:: Data provided ::
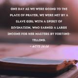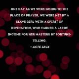 One day as we were going to the place of prayer, we were met by a slave girl with a spirit of divination, who earned a large income for her masters by fortune-telling.
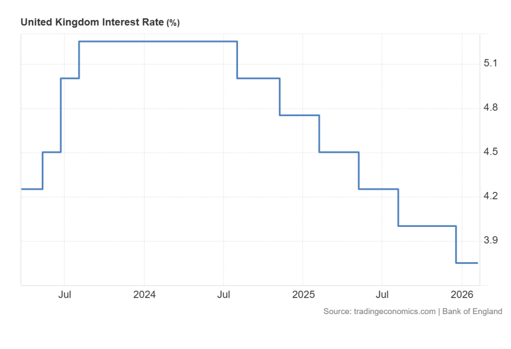 Sebagai informasi, suku bunga Bank of England telah dikurangi sebesar 150 basis poin sejak Agustus 2024, menurunkan pembatasan kebijakan.
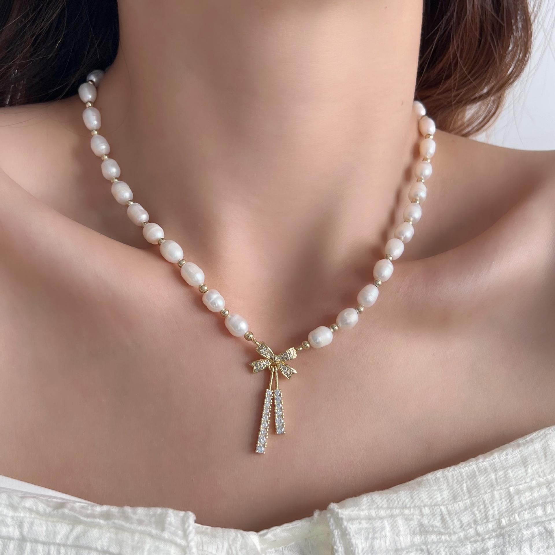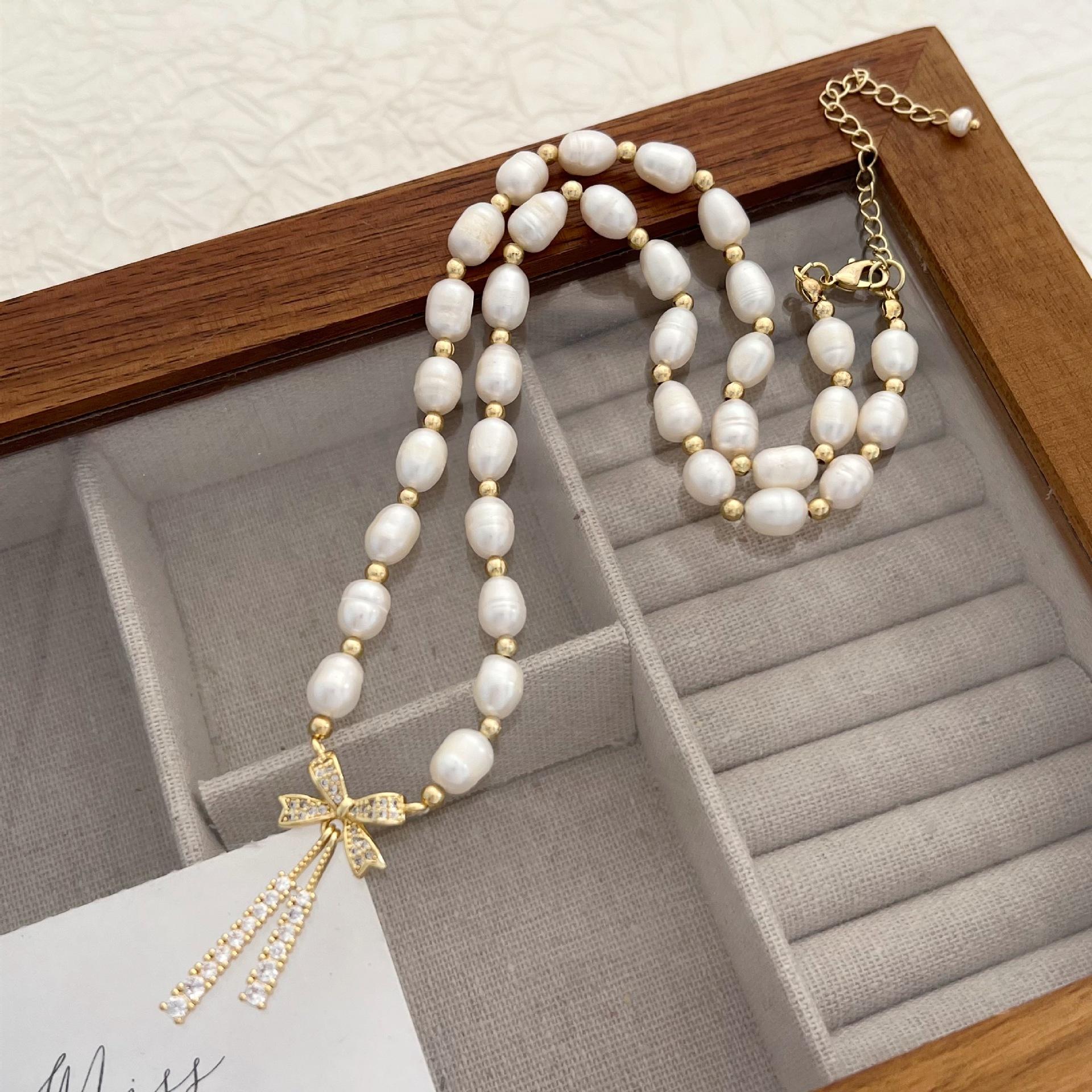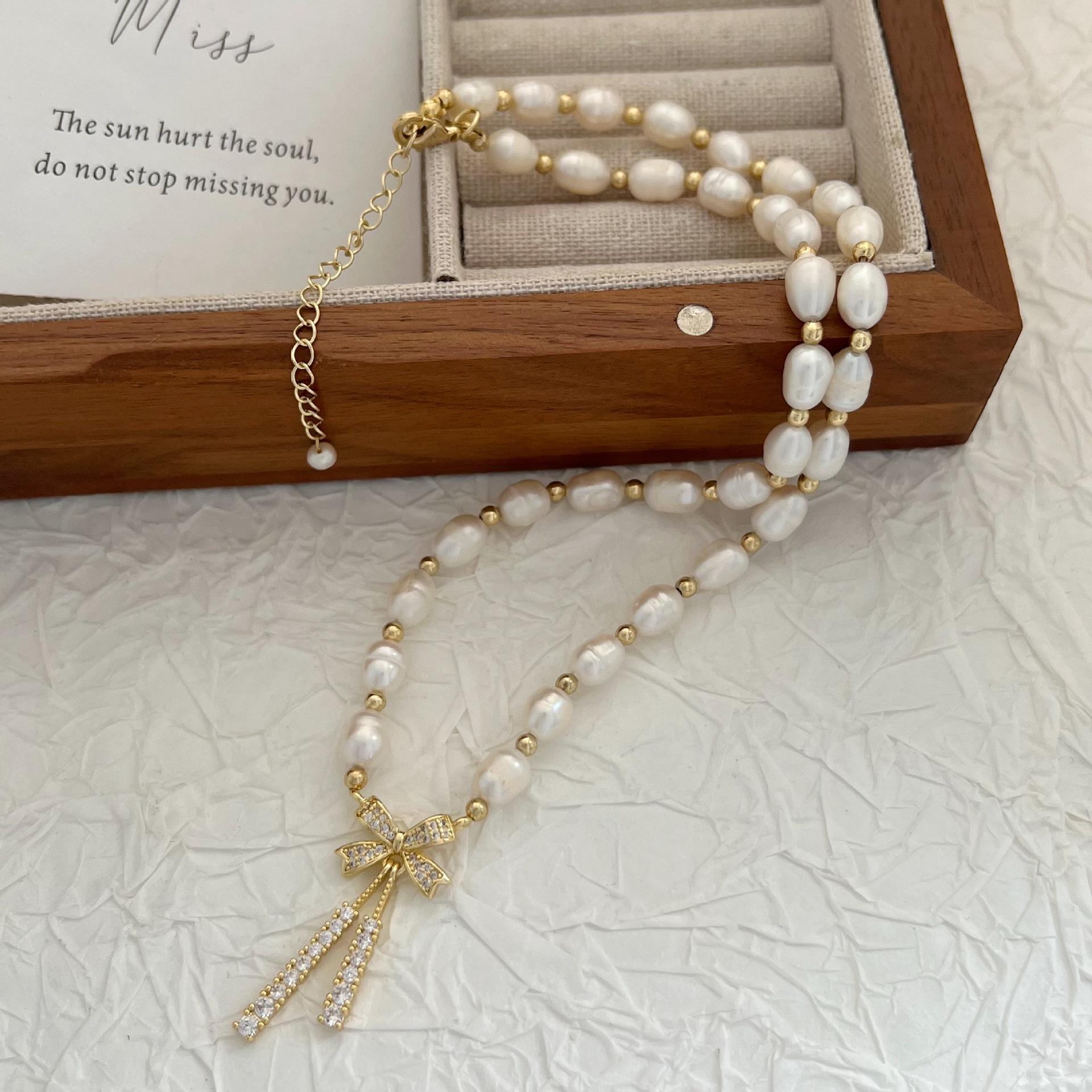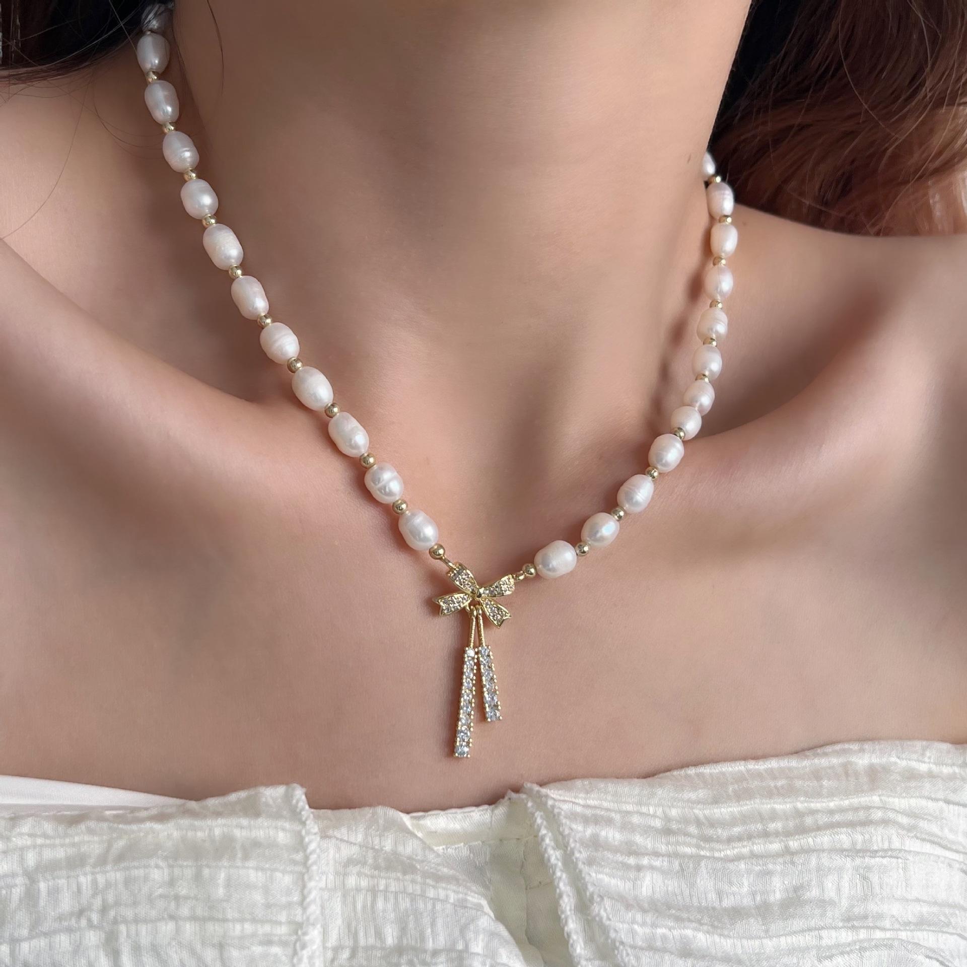 Collar de perlas naturales de agua dulce, ligero, lujoso, con lazo de nicho, cadena de clavícula, diseño de nicho, collar de alta calidad.

:: Exercise details ::
Reproduce the lines above, exactly and exclusively, from the line containing "Sebagai informasi, suku" down to the last line, both included; pictures are not part of the copy.

:: Response to the exercise ::
 Sebagai informasi, suku bunga Bank of England telah dikurangi sebesar 150 basis poin sejak Agustus 2024, menurunkan pembatasan kebijakan.
 Collar de perlas naturales de agua dulce, ligero, lujoso, con lazo de nicho, cadena de clavícula, diseño de nicho, collar de alta calidad.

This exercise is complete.